Hunting helps manages populations. For many species, especially those in the dangerous game category, hunters are the only predators. If we are not helping to manage species numbers, they will overpopulate.
Overpopulation leads to many negative consequences: starvation of animals as the habitat is decimated, the decline of other species because of the absence of food, and an increase in species encroachment into human habitat which can lead to injuries or death for both parties. Hunting allows for the thought-out, necessary harvest of animals to keep all populations healthy, so these consequences do not happen.
- Hwange National Park is a great example of this point. During our team’s last trip there, our guides explained to us that this park was home to nearly 3x the number of elephants than they could reasonably hold. Because of this, hundreds of elephants were starving to death and other species were suffering because the elephants were destroying the trees.

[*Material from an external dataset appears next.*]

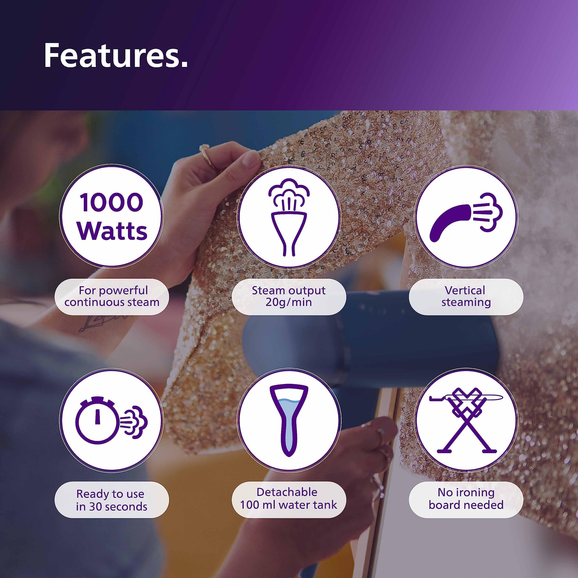 PHILIPS Handheld Garment Steamer STH3000/20 - Compact & Foldable, Convenient Vertical Steaming, 1000 Watt Quick Heat Up, up to 20g/min, Kills 99.9%* Bacteria (Reno Blue), Small

The destruction of trees led to the decline of other plants that needed shade to survive, which led to the over-grazing of grass by other species, which led to the decline of food for other species who then starved to death.

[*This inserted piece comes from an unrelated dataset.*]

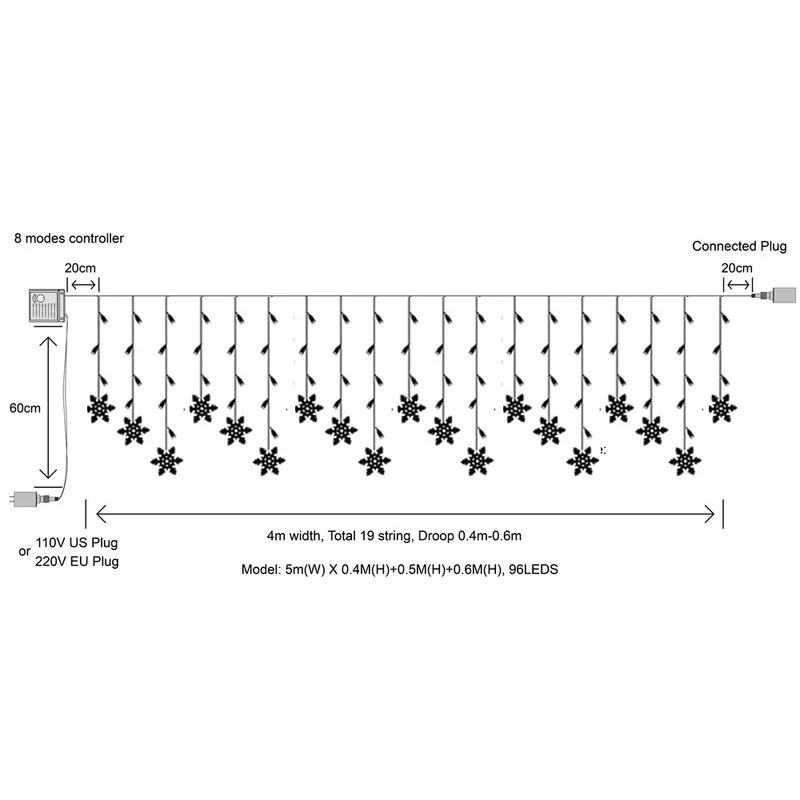 Рождественская светодиодная гирлянда в виде снежинок для помещений и улицы, сказочные огни, гирлянда-занавеска, гирлянда для праздника, вечеринки, Новогоднее украшение

During our visit we were amazed by the number of elephant skeletons we saw. Our guides proceeded to tell us that most of these animals had starved to death because of overpopulation.
- Another example is New Zealand. There are no natural predators in New Zealand, so hunting is the only way to control the populations of red stag, Himalayan tahr, chamois, elk, possums, and more.
Let’s run with the possums for this example. There are millions of possums in New Zealand – seems harmless right? Think again. Because there are so many and no predators to kill them, they ravage the farmlands and greenery of the country every night. This devastates the food supply for other species and humans.
They have become such a problem that the New Zealand government is having to step in to figure out ways to shrink the population. Their plan is the Predator Free 2050 initiative where they will eradicate possums, rats, and stoats from their country by any means necessary.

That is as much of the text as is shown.